(Records from a data source)
--------

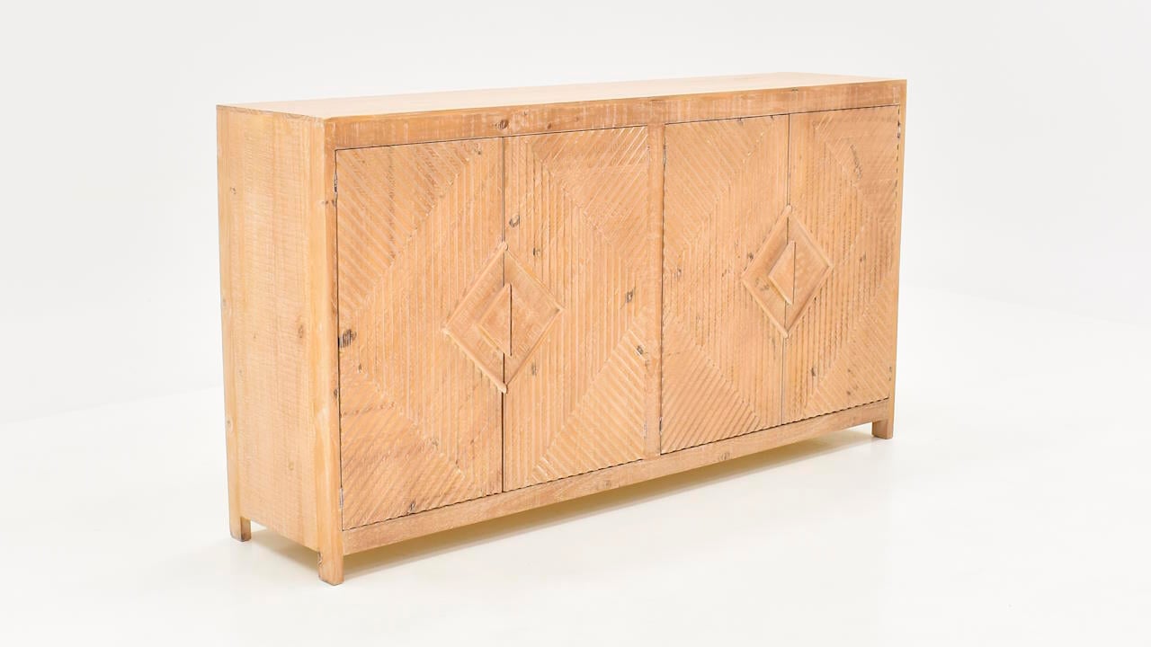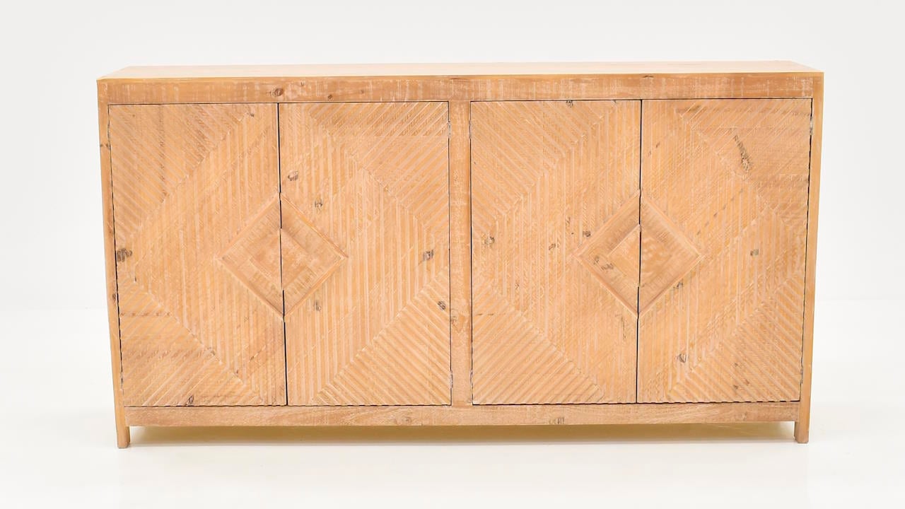 The Chandler 4-Door Console in Cappuccino is a beautifully crafted piece that combines functionality with rustic elegance. Featuring a warm cappuccino finish, this console highlights intricate geometric carvings across its front panels, including a striking central diamond motif surrounded by symmetrical, textured patterns. The clean, modern silhouette is complemented by slightly raised legs, offering a touch of lightness to its sturdy design. With four spacious doors, this console provides ample storage, making it a versatile addition to any living room, dining area, or entryway. Perfectly suited for farmhouse, coastal, or transitional interiors, the Chandler Console blends timeless charm with practical utility.
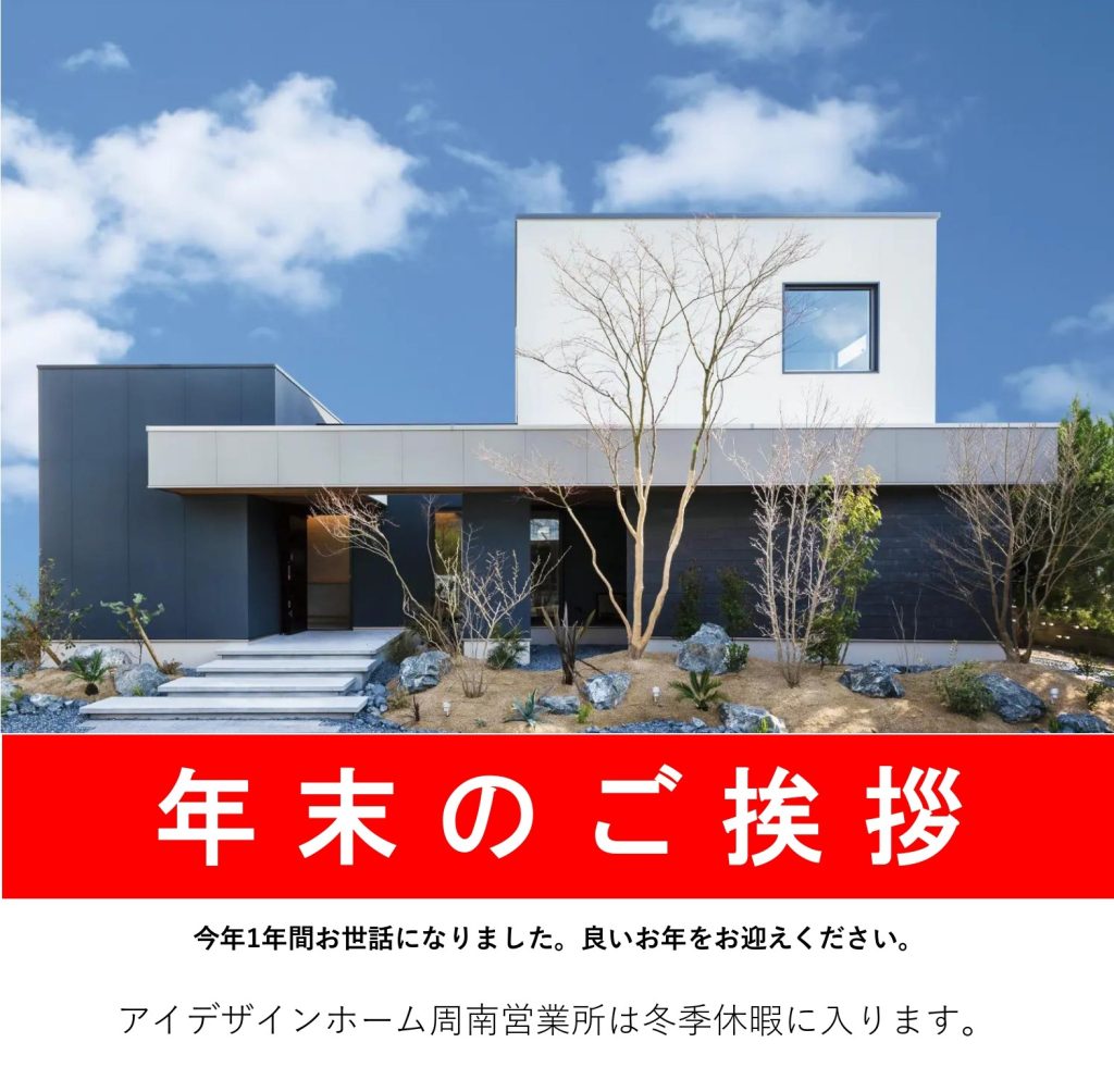 アイデザインホーム周南営業所は2025年12月25日より冬季休暇に入ります。2026年は1月4日から通常営業開始になります。2024年オープンのアイデザインホーム周南展示場から2025年は山口エリアで続々と家がたち始め、見学会等も開催させていただくことができました。
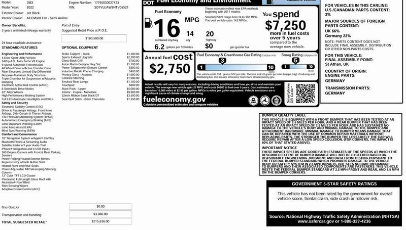 2022 Aston Martin DBX Base AWD 4.0L V8 Jet Black One Owner, Clean CARFAX, AWD, Navigation, Sunroof, Leather Seats, Heated Seats, Backup Camera, Memory Seats, Cooled Seats, Premium Sound System, Premium Audio, Multi-Zone Climate Control, Bluetooth, Hands-Free, USB Port, Portable Audio Connection, Apple CarPlay/Android Auto, Steering Wheel Controls, 12 Way Heated Comfort Seats, 14 Speakers, Adaptive suspension, Air Conditioning, AM/FM radio: SiriusXM, Apple CarPlay, Aston Martin Designer Key, Auto-leveling suspension, Black Painted Brake Calipers, Contrast Stitching, Four wheel independent suspension, Gloss Black Upper Package, Infotainment Touchpad & Dial, Memory seat, Navigation System, Power driver seat, Power steering, Power Tailgate w/Gesture Control, Power windows, Radio data system, Radio: Aston Martin Premium Audio System, Remote keyless entry, Smoked Tail Lights, Sports Exhaust System, Steering wheel memory, Steering wheel mounted audio controls, Wheels: 22'' Ribbon Satin Black Diamond Turned. Odometer is 1226 miles below market average!
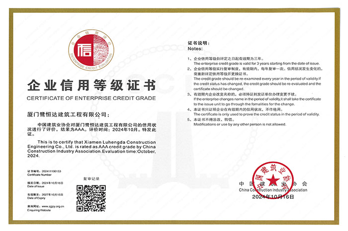全国建筑业AAA级信用企业证书
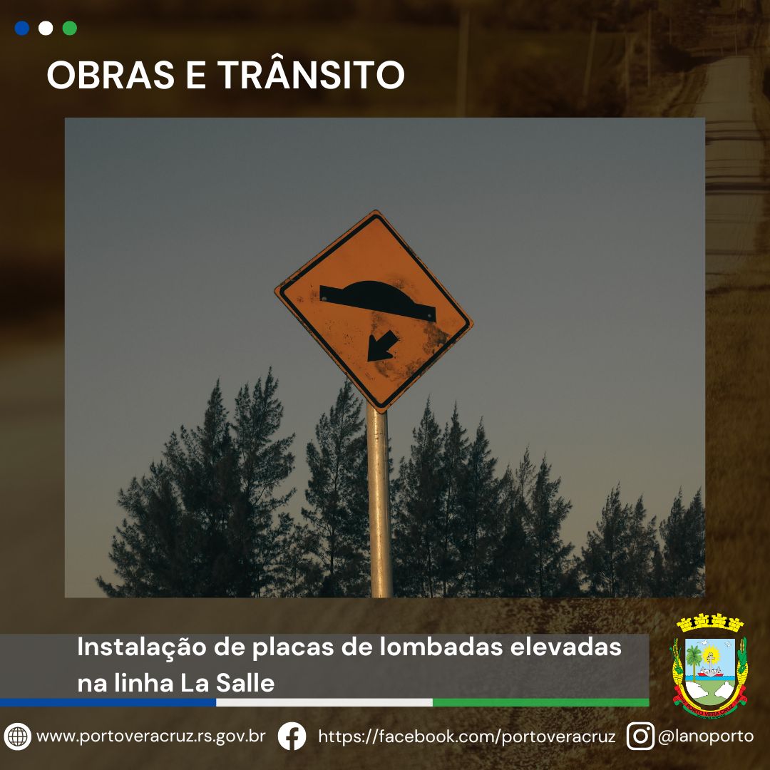 A Secretaria de Obras e Trânsito informa que, foram instaladas placas com a indicação de que em breve teremos a presença de lombadas elevadas na comunidade de La Salle, em ambos os sentidos da via.
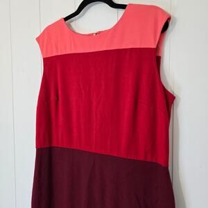 Talbots Colorblock Knit Shift Dress Stretch Red Pink A Line Size 14
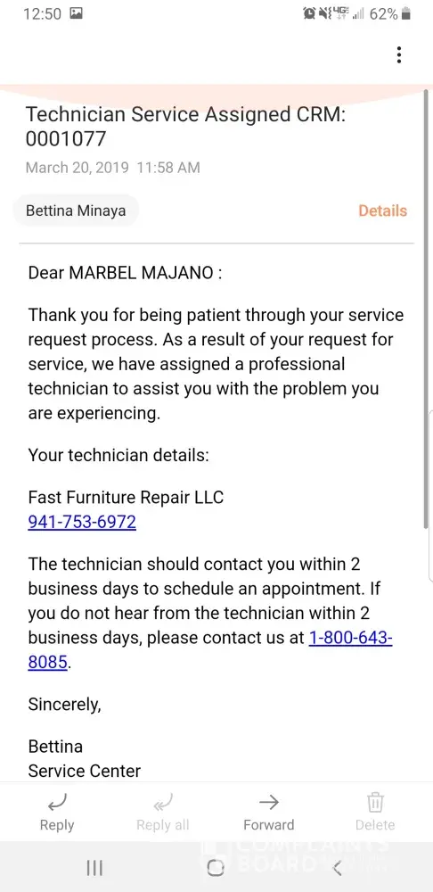 Fast forward to march of 2019, I called the conn's furniture service department in my area. Webster, tx store #266. I was told parts were ordered. Nobody told me these parts would be shipped to my home address and that I would have to call them to set up a repair appointment. 3 days later, I received what appeared to be packaging and foam wrapped in tape from somebody we did not know. My wife tore through the foam looking for something and eventually threw it out. 2 days later, my wife received an email stating the "part" had been delivered or would be delivered soon. Are you kidding me!? Now I get notified!?
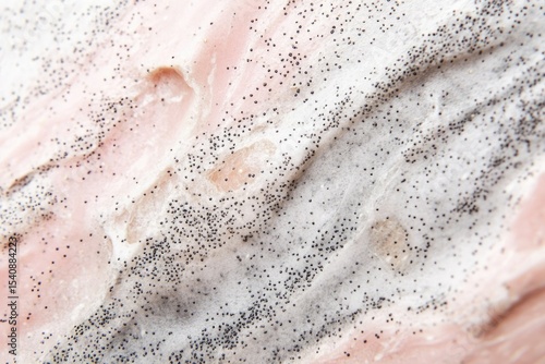 Close-up of pink flesh covered with white cream and black poppy seeds, creating a textured surface.
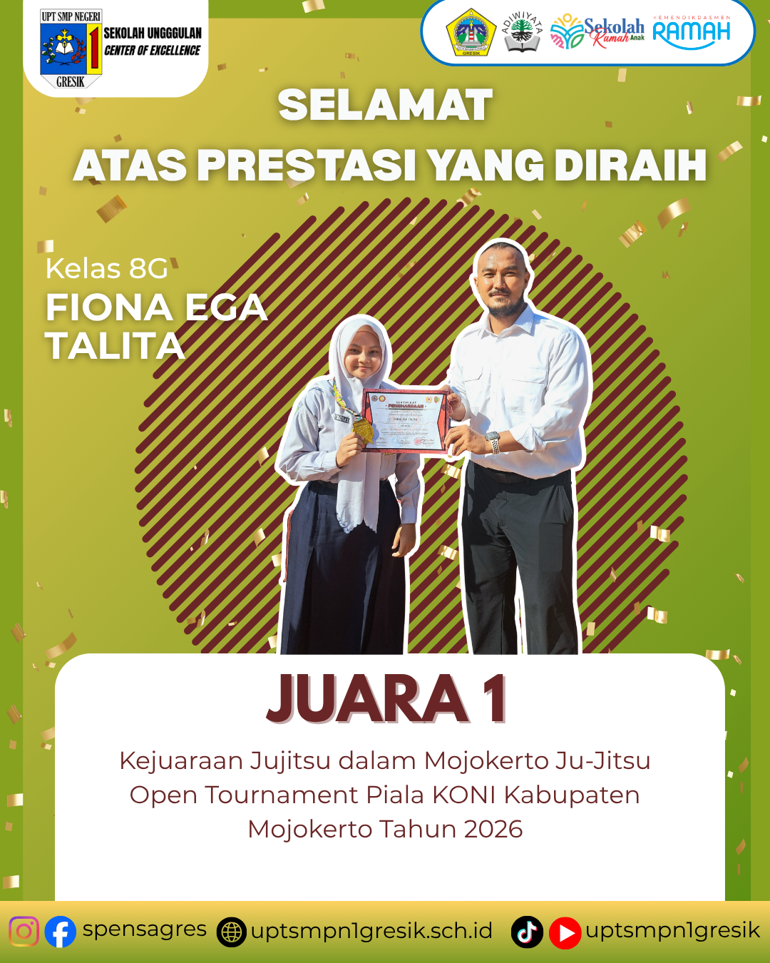 Selamat atas prestasi yang diraih oleh Murid UPT SMP NEGERI 1 GRESIK, khususnya kepada FIONA EGA TALITA (kelas 8G), sebagai peraih JUARA 1 Kejuaraan Jujitsu Putri U16 Kelas -52Kg A dalam Mojokerto Ju-Jitsu Open Tournament Piala KONI Kabupaten Mojokerto yang diselenggarakan oleh PBJI Kabupaten Mojokerto pada tanggal 16-18 Januari 2026.
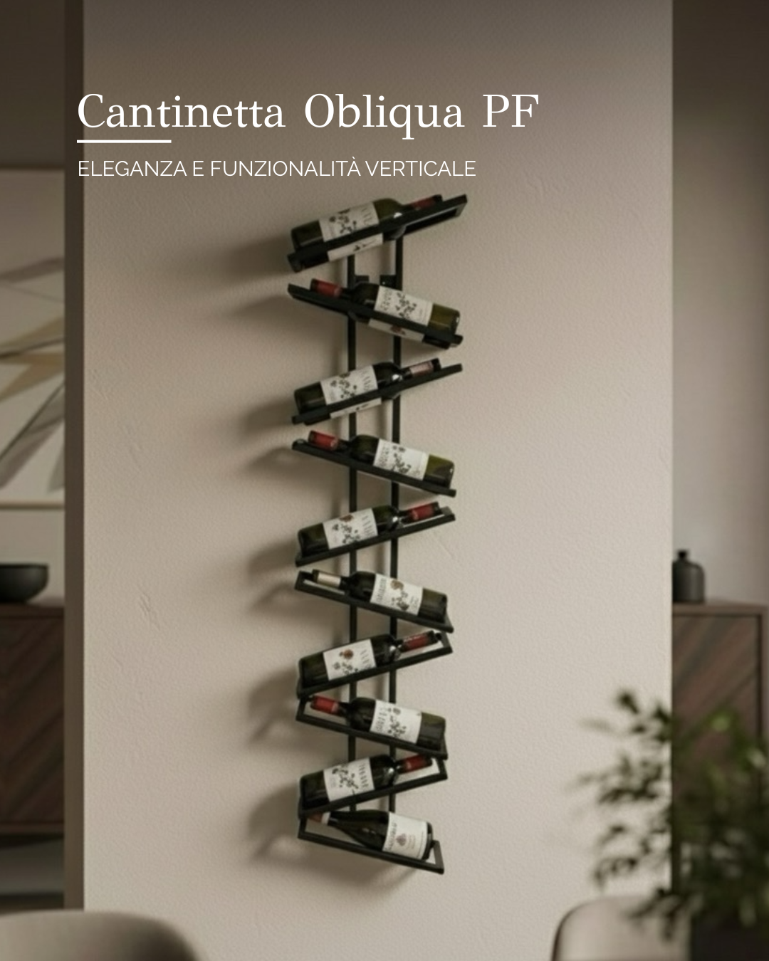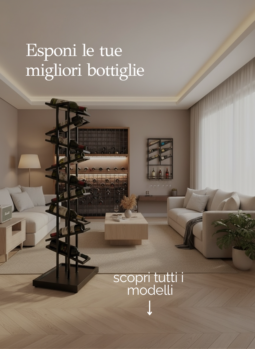 10 ripiani obliqui che permettono di esporre la bottiglia sia con il "collo" verso l'alto che verso il basso

--------

- _What the task requires_
Would you copy, word for word, only the lines above from the one containing "全国建筑业AAA级信用企业证书" through the one containing "Talbots Colorblock Knit", both included, and please leave out the pictures?

- _Answer for this exercise_
全国建筑业AAA级信用企业证书
 A Secretaria de Obras e Trânsito informa que, foram instaladas placas com a indicação de que em breve teremos a presença de lombadas elevadas na comunidade de La Salle, em ambos os sentidos da via.
 Talbots Colorblock Knit Shift Dress Stretch Red Pink A Line Size 14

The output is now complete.